Exercise details —
Once the pictures are set aside, reproduce the remaining data exactly.

Collection entries:
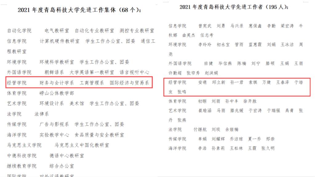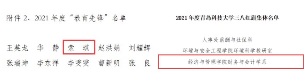近日,2021年度ylzzcom永利总站线路检测先进集体、先进工作者、教育先锋号、教育先锋、三八红旗手、三八红旗集体评选结果揭晓,公司3个集体及8名教师在上述各类评比中均摘得荣誉,其中财务与会计学系、工商管理系、国际经济与贸易系获评校“先进工作集体”,安萌、邱立新、孙一君、索琪、万婕、王春泽、于培友、张鸣老师获评校“先进工作者”,邱立新老师获校“三八红旗手”称号,财务与会计学系获评“三八红旗集体”,索琪老师获评“教育先锋”,工商管理系获评校“教育先锋号”称号。
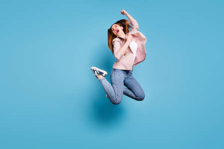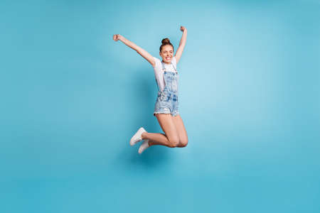 Full length body size photo of girl jumping with joy walking on air while isolated with blue background
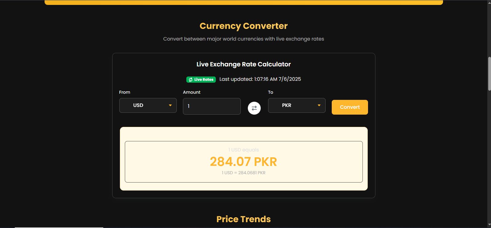 The application also features a smart caching system that minimizes API load while keeping prices up to date. This ensures fast load times, reduced server stress, and a smooth user experience even during high-traffic periods.
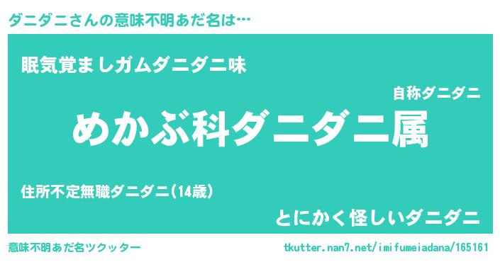| ヘコむあだ名 | 『ダニぷりん』『ダニもー』 |
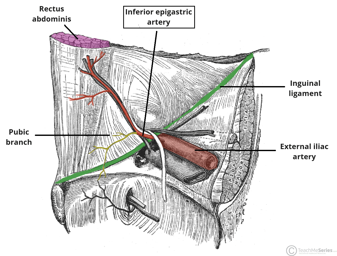 The inferior epigastric artery is an artery of the anterior abdominal wall. It arises from the external iliac artery. It contributes to the blood supply of the muscles, subcutaneous tissue and skin of the anterior abdominal wall. Pro Feature - 3D Model You've Discovered a Pro Feature Access our 3D Model Library Explore, cut, dissect, annotate and manipulate our 3D models to visualise anatomy in a dynamic, interactive way. Learn More Course The inferior epigastric artery arises from the external iliac artery, immediately superior to the inguinal ligament. After its origin, the inferior epigastric artery travels superiorly in an oblique path, passing the medial border of the deep inguinal ring. It then pierces the transversalis fascia to travel within the rectus sheath, posterior to the rectus abdominis muscle. It gives rise to several branches along its course, including the cremasteric artery, pubic branch and muscular branches. At the level of the umbilicus, the inferior epigastric artery terminates by dividing into numerous branches which anastomose with the superior epigastric artery. Note: As it passes the deep inguinal ring, the inferior epigastric artery forms the lateral border of Hesselbach’s triangle – the anatomical landmark for the site of direct inguinal hernia formation. By TeachMeSeries Ltd (2025) Fig 1The origin of the inferior epigastric artery from the external iliac artery, immediately superior to the inguinal ligament. By TeachMeSeries Ltd (2025) Fig 2Course of the inferior epigastric artery after its origin from the external iliac artery. Pro Feature - Dissection Images Dissection of the inferior epigastric artery arising from the external iliac artery. It then ascends on the posterior surface of the rectus abdominis. Dissection of the inferior epigastric artery arising from the external iliac artery. It then ascends on the posterior surface of the rectus abdominis. You've Discovered a Pro Feature Access our Dissection Image Library Enhance your understanding with high-resolution dissection images showcasing real-life anatomy. Learn More Supply The inferior epigastric artery gives rise to the following branches: Muscular branches – supply the parietal peritoneum, muscles of the anterior abdominal wall, subcutaneous tissue and skin. Cremasteric artery – supplies the cremaster muscle and spermatic cord. Public branch – supplies the pubic bones and pubic symphysis. By OpenStax [CC BY 4.0], via Wikimedia Commons Fig 3The muscles of the anterolateral abdominal wall. Note how the flat muscles form aponeuroses medially. Rate This Article
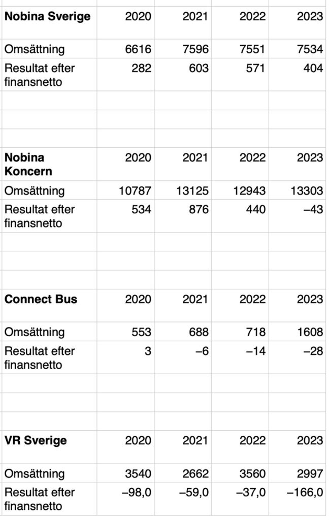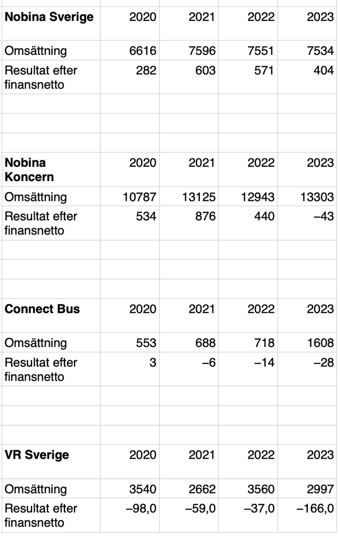 Vi har tagit fram siffrorna för åren 2020 – 2023. Några företag, exempelvis Nobina har så kallat brutet räkenskapsår. Det betyder att de inte redovisar resultatet för kalenderår, utan under en tolvmånadersperiod som börjar och slutar vid en annan tidpunkt. För Nobina löper således räkenskapsåret från första mars ett år till sista februari följande år.
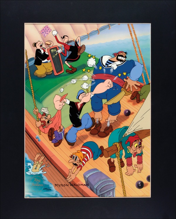 American animator, best known for his work at Fleischer Studio, where he started his career in 1930. At Fleischer he worked on Betty Boop, Raggedy Ann, Gulliver’s Travels, the animated adaptations of Superman, and Popeye. He was head animator on two Academy Award nominated shorts. Limited edition hand-painted animation cel, #245/250, entitled Mutiny, 11 x 15.25, showing Popeye handling Bluto as Wimpy and Olive Oyl watch the action, signed in black felt tip by Waldman. Matted to an overall size of 16 x 20. In very fine condition. R&R COA.
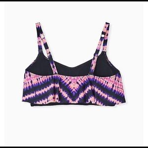 New with tags TORRID PINK & PURPLE TIE-DYE MEDALLION WIRELESS FLOUNCE BIKINI TOP. Size 3X, nylon spandex, Wireless cups, Flounce overlay, Adjustable multiway straps, Mesh lining, UPF 30+ sun protection. See pictures for details.
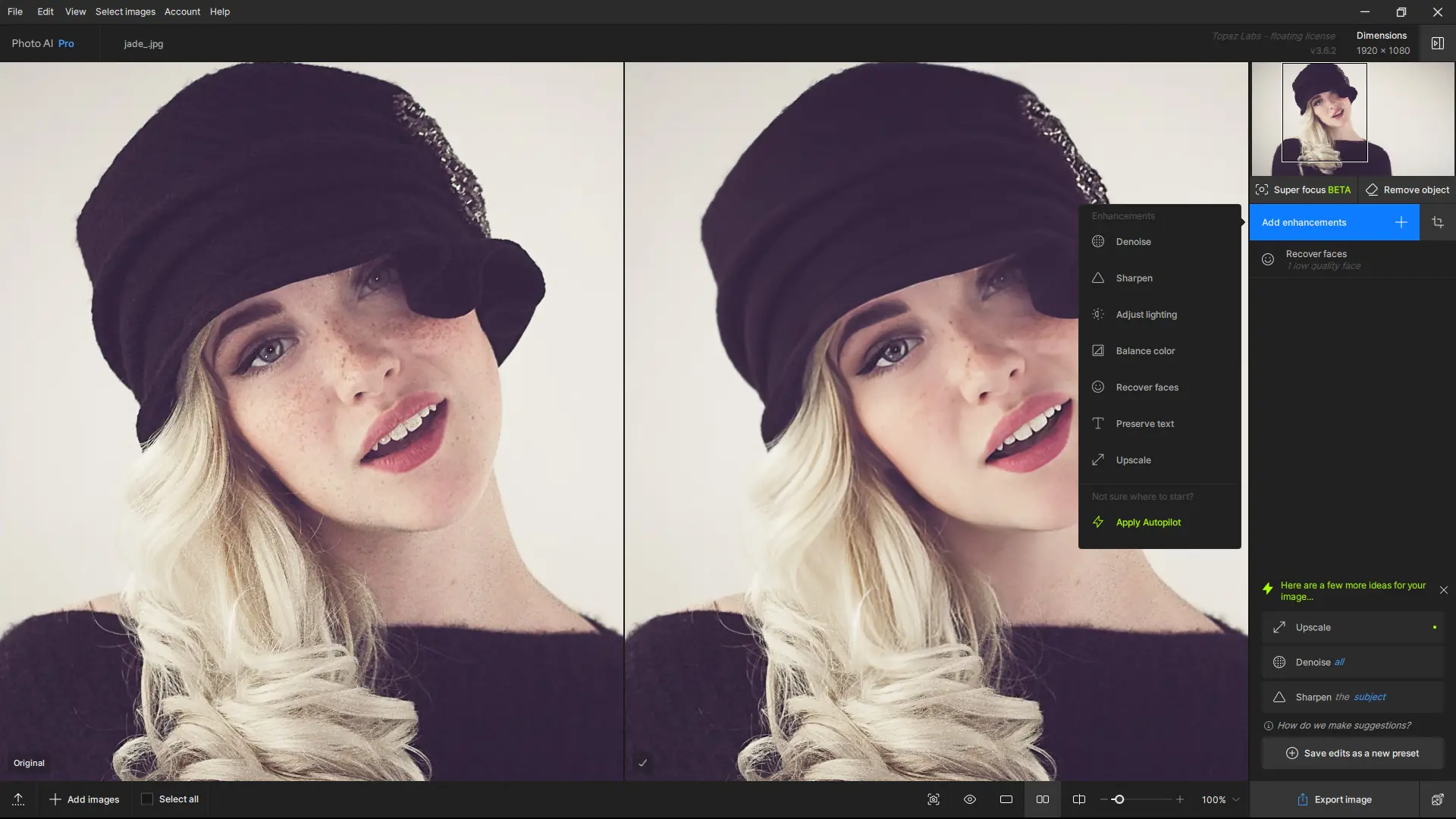 Использование программы начинается с импорта изображения в интерфейс приложения. Система сразу запускает анализ через функцию autopilot, выявляя потенциальные проблемы — шум, размытость, низкое разрешение. Пользователь может принять автоматические рекомендации или перейти в ручной режим, где доступны слайдеры для точной настройки интенсивности шумоподавления, фокусировки и масштабирования. После предварительного просмотра результатов файл экспортируется в выбранном формате, готовый к дальнейшей обработке или публикации. Интерфейс интуитивно понятен, а встроенное обучение помогает новичкам быстро освоить основные функции.
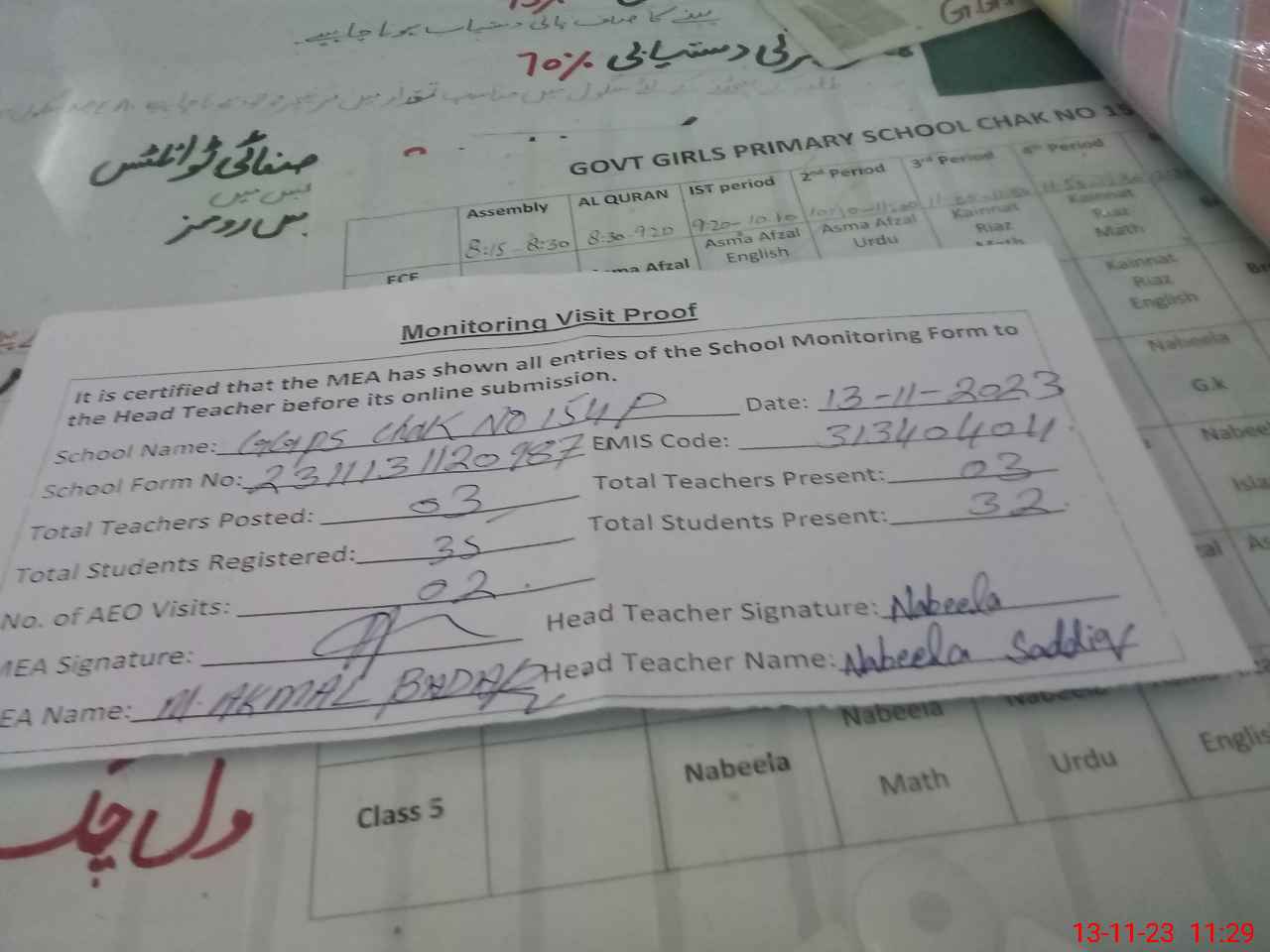 | EMIS Code: 31340404 | Name of School: GGPS CHAK NO.154/P | |||
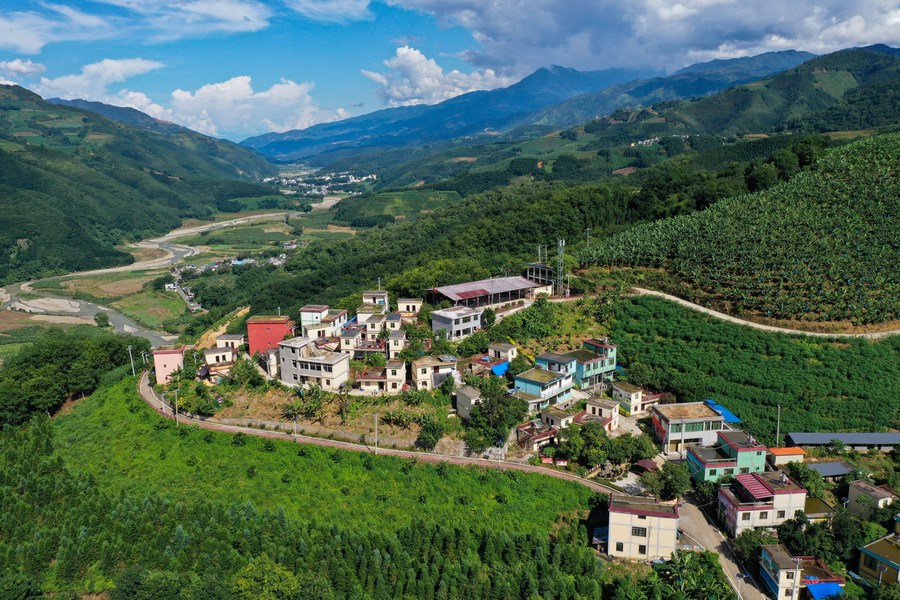 This aerial photo taken on July 23, 2023 shows a view of a relocation site for Kucong people in Zhemi Township, Jinping County, Honghe Hani and Yi Autonomous Prefecture, southwest China's Yunnan Province. (Xinhua/Chen Xinbo)
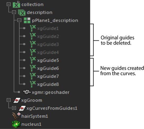 Maya converts the dynamic curves to new guides and hides the original guides. The new guides inherit the curves dynamic properties.
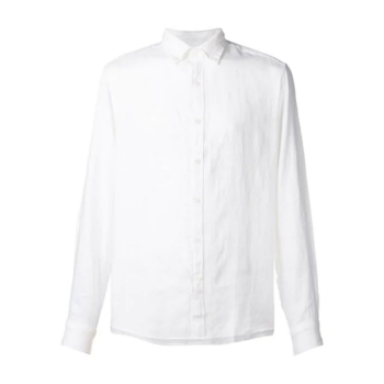 White linen button-up shirt from Michael Kors featuring a classic collar, a fron
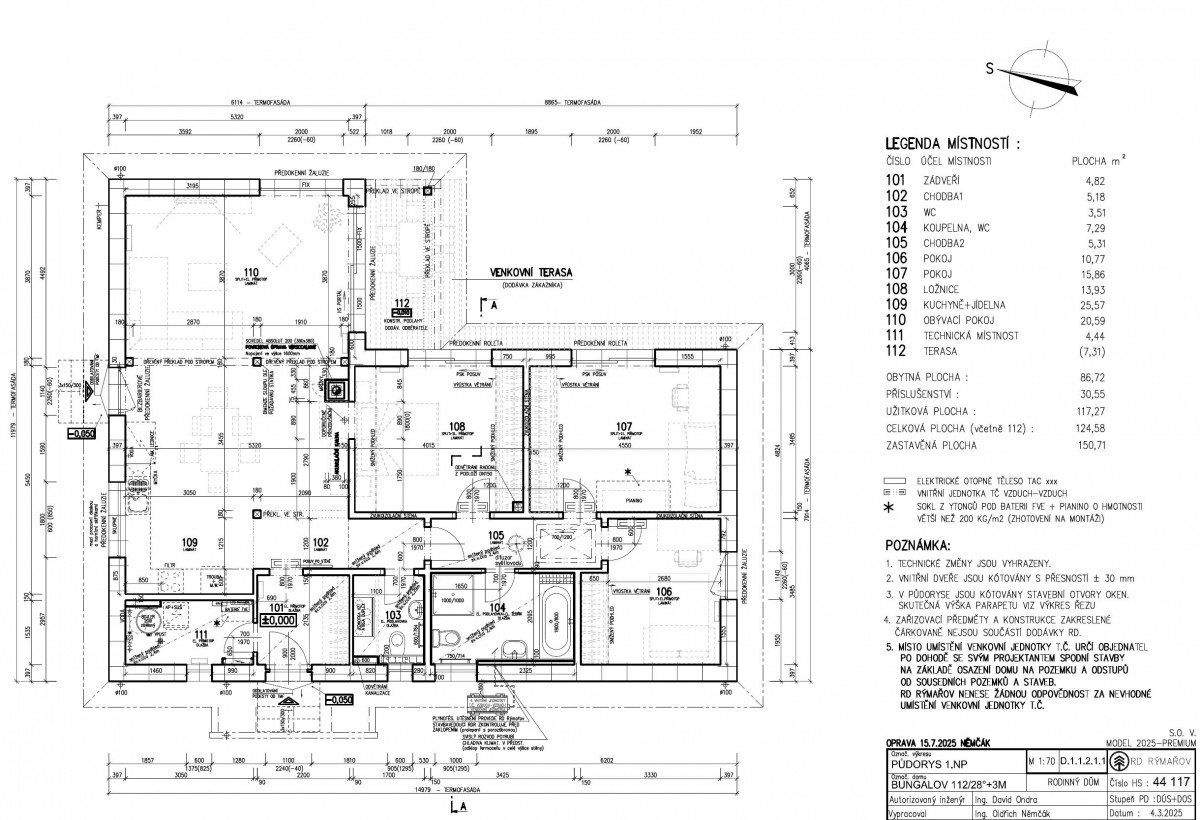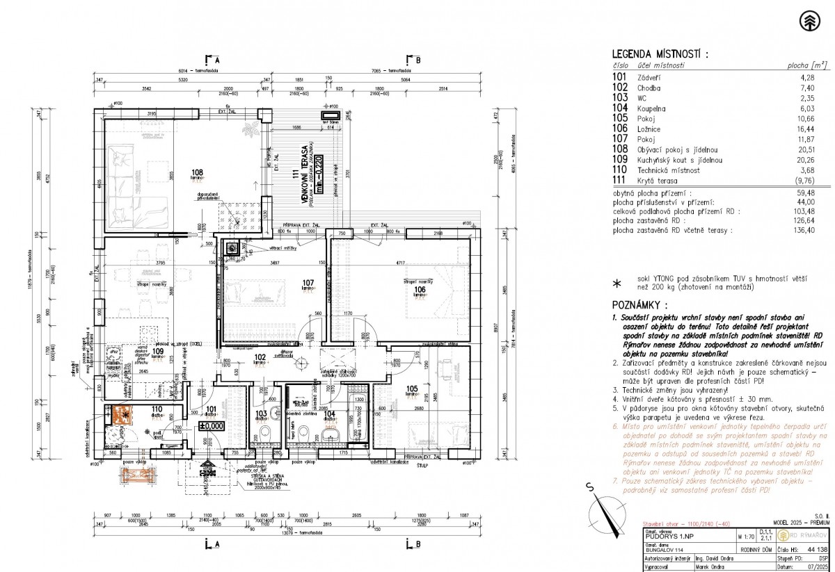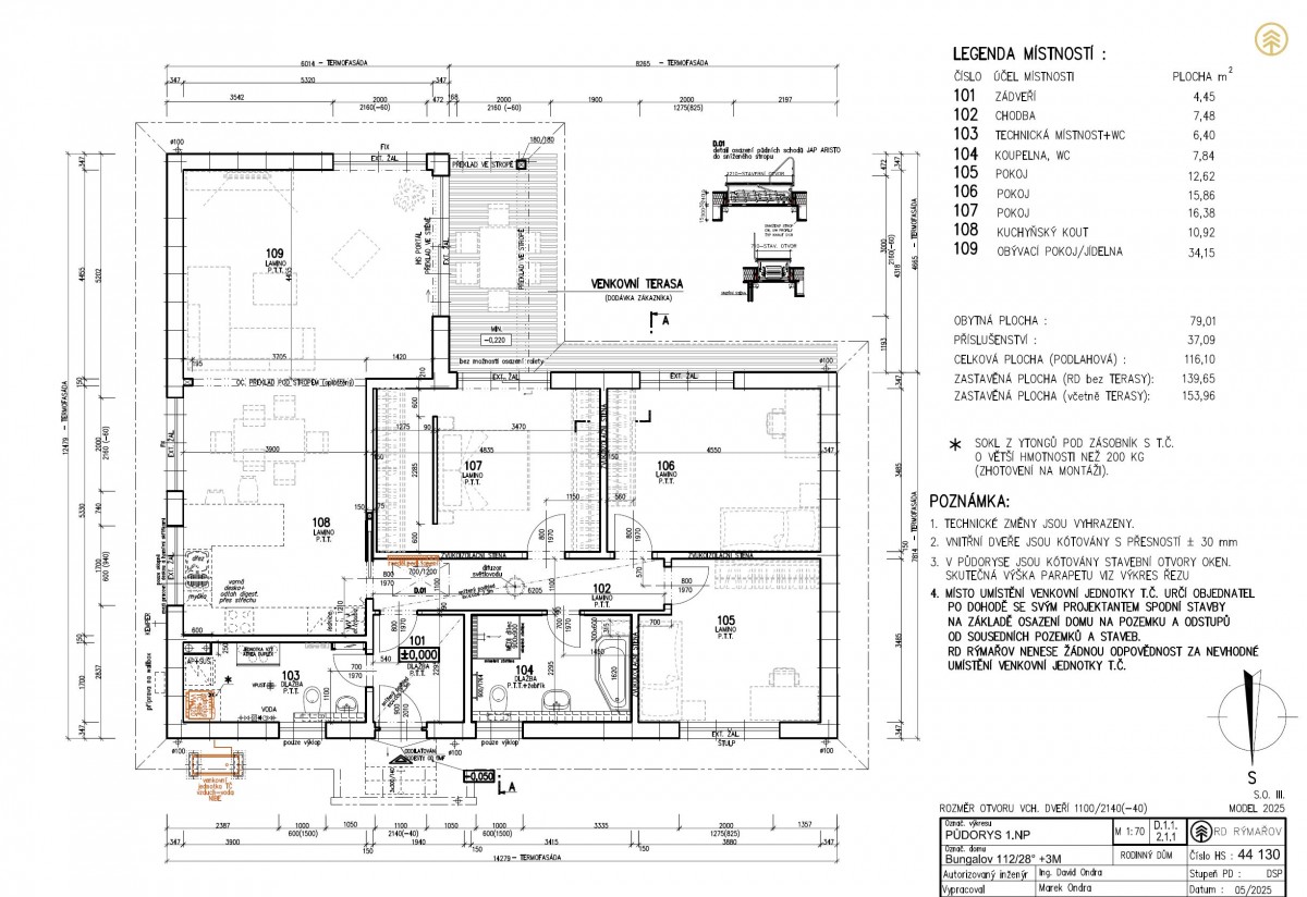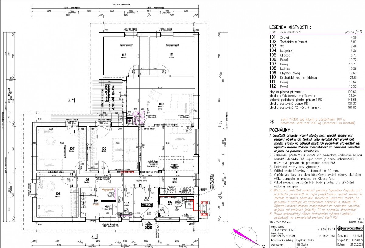 - obvodové stěny s vnitřní izolací 120 + 40 mm a vnější termofasádou 150 mm uzavřenou strukturní barevnou omítkou

Response for this exercise —
近日,2021年度ylzzcom永利总站线路检测先进集体、先进工作者、教育先锋号、教育先锋、三八红旗手、三八红旗集体评选结果揭晓,公司3个集体及8名教师在上述各类评比中均摘得荣誉,其中财务与会计学系、工商管理系、国际经济与贸易系获评校“先进工作集体”,安萌、邱立新、孙一君、索琪、万婕、王春泽、于培友、张鸣老师获评校“先进工作者”,邱立新老师获校“三八红旗手”称号,财务与会计学系获评“三八红旗集体”,索琪老师获评“教育先锋”,工商管理系获评校“教育先锋号”称号。
 Full length body size photo of girl jumping with joy walking on air while isolated with blue background
 The application also features a smart caching system that minimizes API load while keeping prices up to date. This ensures fast load times, reduced server stress, and a smooth user experience even during high-traffic periods.
| ヘコむあだ名 | 『ダニぷりん』『ダニもー』 |
 The inferior epigastric artery is an artery of the anterior abdominal wall. It arises from the external iliac artery. It contributes to the blood supply of the muscles, subcutaneous tissue and skin of the anterior abdominal wall. Pro Feature - 3D Model You've Discovered a Pro Feature Access our 3D Model Library Explore, cut, dissect, annotate and manipulate our 3D models to visualise anatomy in a dynamic, interactive way. Learn More Course The inferior epigastric artery arises from the external iliac artery, immediately superior to the inguinal ligament. After its origin, the inferior epigastric artery travels superiorly in an oblique path, passing the medial border of the deep inguinal ring. It then pierces the transversalis fascia to travel within the rectus sheath, posterior to the rectus abdominis muscle. It gives rise to several branches along its course, including the cremasteric artery, pubic branch and muscular branches. At the level of the umbilicus, the inferior epigastric artery terminates by dividing into numerous branches which anastomose with the superior epigastric artery. Note: As it passes the deep inguinal ring, the inferior epigastric artery forms the lateral border of Hesselbach’s triangle – the anatomical landmark for the site of direct inguinal hernia formation. By TeachMeSeries Ltd (2025) Fig 1The origin of the inferior epigastric artery from the external iliac artery, immediately superior to the inguinal ligament. By TeachMeSeries Ltd (2025) Fig 2Course of the inferior epigastric artery after its origin from the external iliac artery. Pro Feature - Dissection Images Dissection of the inferior epigastric artery arising from the external iliac artery. It then ascends on the posterior surface of the rectus abdominis. Dissection of the inferior epigastric artery arising from the external iliac artery. It then ascends on the posterior surface of the rectus abdominis. You've Discovered a Pro Feature Access our Dissection Image Library Enhance your understanding with high-resolution dissection images showcasing real-life anatomy. Learn More Supply The inferior epigastric artery gives rise to the following branches: Muscular branches – supply the parietal peritoneum, muscles of the anterior abdominal wall, subcutaneous tissue and skin. Cremasteric artery – supplies the cremaster muscle and spermatic cord. Public branch – supplies the pubic bones and pubic symphysis. By OpenStax [CC BY 4.0], via Wikimedia Commons Fig 3The muscles of the anterolateral abdominal wall. Note how the flat muscles form aponeuroses medially. Rate This Article
 Vi har tagit fram siffrorna för åren 2020 – 2023. Några företag, exempelvis Nobina har så kallat brutet räkenskapsår. Det betyder att de inte redovisar resultatet för kalenderår, utan under en tolvmånadersperiod som börjar och slutar vid en annan tidpunkt. För Nobina löper således räkenskapsåret från första mars ett år till sista februari följande år.
 American animator, best known for his work at Fleischer Studio, where he started his career in 1930. At Fleischer he worked on Betty Boop, Raggedy Ann, Gulliver’s Travels, the animated adaptations of Superman, and Popeye. He was head animator on two Academy Award nominated shorts. Limited edition hand-painted animation cel, #245/250, entitled Mutiny, 11 x 15.25, showing Popeye handling Bluto as Wimpy and Olive Oyl watch the action, signed in black felt tip by Waldman. Matted to an overall size of 16 x 20. In very fine condition. R&R COA.
 New with tags TORRID PINK & PURPLE TIE-DYE MEDALLION WIRELESS FLOUNCE BIKINI TOP. Size 3X, nylon spandex, Wireless cups, Flounce overlay, Adjustable multiway straps, Mesh lining, UPF 30+ sun protection. See pictures for details.
 Использование программы начинается с импорта изображения в интерфейс приложения. Система сразу запускает анализ через функцию autopilot, выявляя потенциальные проблемы — шум, размытость, низкое разрешение. Пользователь может принять автоматические рекомендации или перейти в ручной режим, где доступны слайдеры для точной настройки интенсивности шумоподавления, фокусировки и масштабирования. После предварительного просмотра результатов файл экспортируется в выбранном формате, готовый к дальнейшей обработке или публикации. Интерфейс интуитивно понятен, а встроенное обучение помогает новичкам быстро освоить основные функции.
 | EMIS Code: 31340404 | Name of School: GGPS CHAK NO.154/P | |||
 This aerial photo taken on July 23, 2023 shows a view of a relocation site for Kucong people in Zhemi Township, Jinping County, Honghe Hani and Yi Autonomous Prefecture, southwest China's Yunnan Province. (Xinhua/Chen Xinbo)
 Maya converts the dynamic curves to new guides and hides the original guides. The new guides inherit the curves dynamic properties.
 White linen button-up shirt from Michael Kors featuring a classic collar, a fron
 - obvodové stěny s vnitřní izolací 120 + 40 mm a vnější termofasádou 150 mm uzavřenou strukturní barevnou omítkou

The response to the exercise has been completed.